Curator: Before us is a watercolor drawing by Joseph Rothenberg, dating from about 1937, titled "Wall Paper." Editor: My first thought is how much the cool tones give a sense of calm, but the organic pattern also suggests a latent energy, doesn't it? Curator: It's interesting to think of this work within the broader context of design in the 1930s. Wallpaper became increasingly accessible, and its aesthetic power in shaping domestic space gained greater cultural recognition. Here we can examine how art became enmeshed with daily life.

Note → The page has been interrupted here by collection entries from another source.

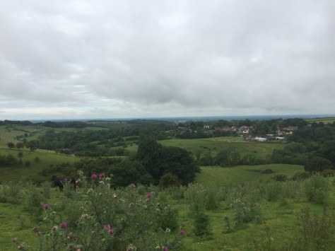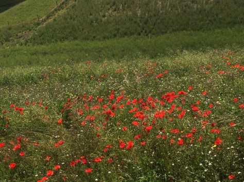 However, we kept going. Our route took us around the other side of the hill and we descended into trees. We then walked along the valley under trees. Eventually we came out onto the road. It was such a relief but we went ahead on a field edge and more poppies!
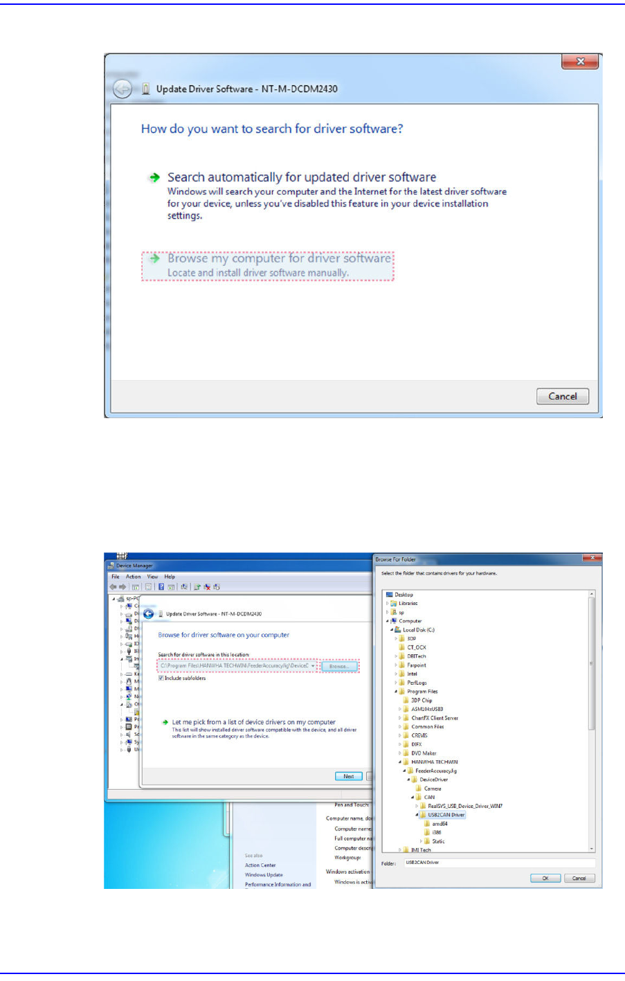 4-8 User's Guide For Tape Fe eder Calibration Jig 15. Select the ’Brows e my computer for driver software’. 16. Click the <Browse…> b utton and set the path for the program installati on referring to the follo…
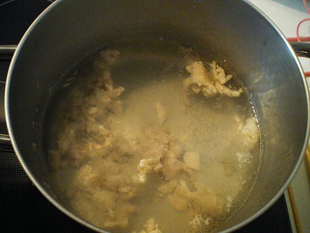 男40歳、今夜のおつまみ毎晩の晩酌をなによりの生きがいにしている中年おやじ。 2009年にWEBサイトから始めたブログも16年目。 すっかりアラカンのおっさんになってしまいました(笑) 日々の酒のおつまみとレシピを淡々と紹介します。 お手軽に作れる麺類レシピも。相互リンク募集中!PAGE | 211 210 209 208 207 206 205 204 203 202 201 | ADMIN | WRITE 2013.02.24 Sun 10:59:13 鶏蕎麦インスタント麺を作る時の規定量より少し多めの水を鍋に入れ 鶏もも肉を入れて煮ます。 沸騰したら弱火にして30分程度かけて出汁を取ります。 灰汁が出るので丁寧にすくってください。 灰汁を取るとこんな感じで澄んだスープになります。 そのスープを使ってインスタント麺を作ります。 器に盛り付けたら完成。 汁に鶏の出汁が利いてて、いつもとは一味ちがったインスタント蕎麦となりました。 お試しください。 ブログランキング参加中です。 クリックをお願いします。 人気のおつまみブログがランキング形式で見れます。 にほんブログ村 PR CommentsComment Form |
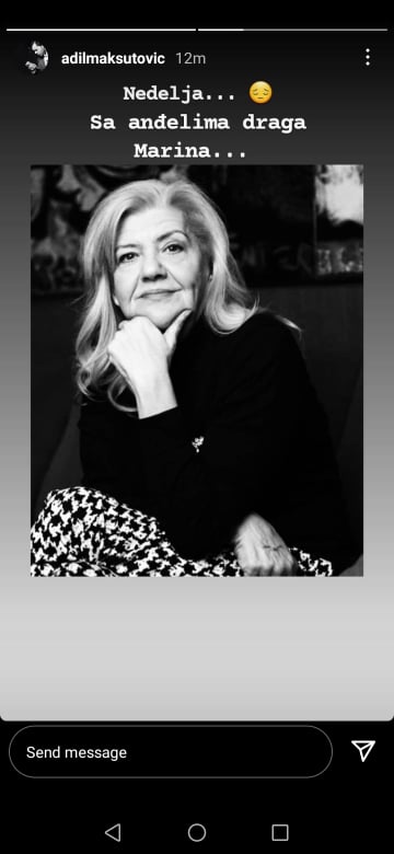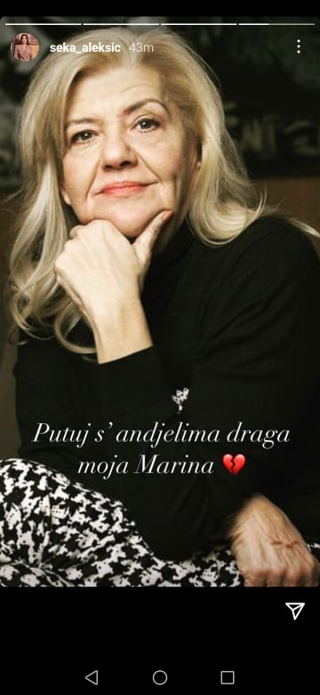 - Lepa i dobra naša... Za odlaske uvek nedostaje pravih reči, a posle tebe nedostajaće toliko toga. Od ničeg si stvarala sve. S tobom su obični razgovori bili poezija i niko kao ti nije umeo tugu tako lepo ispričati i sreću pojačati na još više. Lepa i dobra naša... Odmori se. Lavovska je bila borba. Umorila si se i ti. Ali, ne brini, tvoja vrednost neće izbledeti ni za sto života. Hvala ti za svaku napisanu reč i pesme koje će živeti umesto nas. One su tvoj pečat, a koliko si ih samo napravila... Umetnice vaserijska! Divna osobo i prijatelju... Ni slutio nisam da će biti baš ovoliko teško... Počivaj u miru, draga Marina - napisao je ispod fotografije Saša Matić.
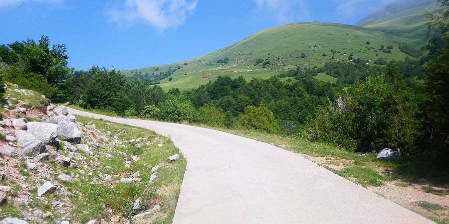 Descripción: Sant Joan de les Abadesses es el tercer municipio más habitado, tras Ripoll y Campdevánol, de la bella comarca gerundense del Ripollés. Sin embargo, en la web de Catalunya Turisme citan a esta localidad como, textualmente, “el pueblo más pequeño de todo el Ripollés”, cosa que es absolutamente incierta, porque según los datos no lo es, ni en número de habitantes ni en extensión. Hacemos este comentario porque ciertamente nos ha sorprendido. En la parte vieja de la localidad destacan varios edificios, pero especialmente su espléndido monasterio románico, fundado en el siglo IX. La iglesia actual data del XII. Y luego está el espectacular Pont Vell sobre el Ter, originalmente también de ese siglo que resultó dañado en un terremoto en 1428 y reconstruido en estilo gótico. Fue dinamitado en 1939 y vuelto a alzar en 1976. Esta es la vertiente sur de este puerto, más larga y con mayor desnivel que la opuesta, aunque presentan características similares: una primera parte asfaltada y la parte final hormigonada, aunque en este caso el tramo que presenta ese firme es el doble de largo y mucho más irregular en cuanto a pendientes se refiere. También es una zona muy boscosa, incluso más que la opuesta, lo que hace que no tengamos demasiadas vistas, pero sí una paz absoluta. Salvo una rampa de 200 m en el mismo inicio, la parte inicial es muy llevadera hasta llegar a Ogassa. Al salir de esta localidad nos topamos con la parte más dura, dos kilómetros al 11 y 12% de pendiente y hasta el 19% de máxima, separados por un tramo más suave de 300 m. A continuación, siguen una serie de escalones en los que pasamos de un 0% a un 15% de forma brusca y con máximos del 18%. En el km 10 llegamos a la modesta ermita románica de Sant Martí donde encontramos un buen tramo llano junto a unas masías. A hidratarse y recuperar fuerzas porque, al final del mismo, la pista se estrecha aún más y nos topamos de bruces con un kilómetro largo al 12% que se inicia con un 15%. Hasta poco antes de coronar, solo vamos a ver la pista ya que el denso arbolado casi ni nos va a permitir vislumbrar el cielo. Los dos kilómetros que quedan hasta el Coll de Jou van a ser exigentes, pero ya sin rampas significativas. En el collado encontramos un paso canadiense, el cartel del puerto y un poste hacia varias direcciones. Solo tenemos unas pocas vistas hacia el lado por donde hemos subido ya que aún restan 600 m muy suaves para llegar al punto más alto, en medio de un bosque. Y ahí tampoco veremos nada. Tendríamos que descender un par de kilómetros por la otra vertiente para gozar de espléndidas vistas. |
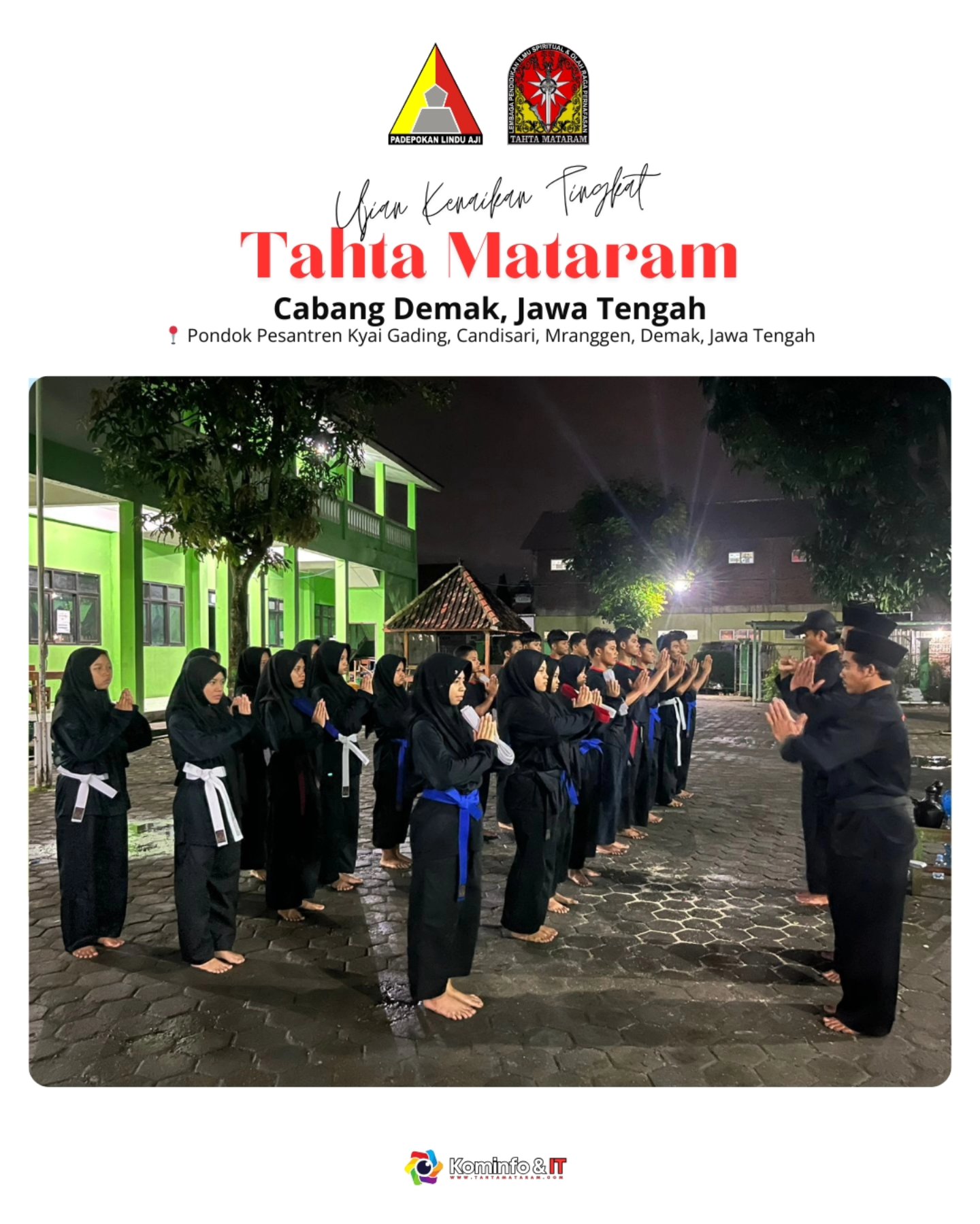 Demak — Tahta Mataram Cabang Demak kembali melaksanakan salah satu tradisi penting dalam proses pembinaan anggotanya, yakni Ujian Kenaikan Tingkat, yang diselenggarakan pada Sabtu, 10 Januari 2026, bertempat di Pondok Pesantren Kyai Gading, Mranggen, Kabupaten Demak. Kegiatan ini berlangsung dengan suasana tertib, khidmat, dan penuh semangat kebersamaan.

Editor: And thinking of the wallpaper itself, the technique used with watercolor. You know, the artist had to have controlled that bleeding pigment quite meticulously to get those crisp lines around the main forms while allowing a delicate texture in the background, the mark of craft, a pattern meant for mass reproduction born of close, attentive labor. Curator: The design strikes me as deliberately ambiguous, caught between abstraction and nature, much like many public works from this period which often incorporated abstracted forms into more conventional artistic elements. Editor: Agreed, this in-betweenness has social dimensions; by utilizing accessible naturalistic forms rendered using more avant-garde stylings it treads the line between 'high' and 'low' culture, creating accessibility but while offering an unexpected visual engagement in familiar, quotidian space. It is after all an image that’s meant to fill someone’s field of vision within a domestic setting. Curator: And what impact would such design choices have on the consumer? I believe Rothenberg may be hinting at larger themes. Perhaps a veiled comment on consumerism during the Great Depression? Or the tension between our human-made environments and nature? Editor: Or simply… decorative taste. The confluence of all these forces you described shaped and created this wallpaper. So it becomes imperative to really investigate the role labor and materials play in shaping aesthetic experience. Curator: A compelling point. Certainly an aesthetic object can carry and create an active tension, and in this instance it's a push and pull between design and accessibility that continues to invite contemplation and reassessment. Editor: I agree entirely; to understand "Wall Paper", one really has to acknowledge this complicated matrix of creation, consumption, material and technique that shapes not just its formal identity, but how such designs impact their viewer.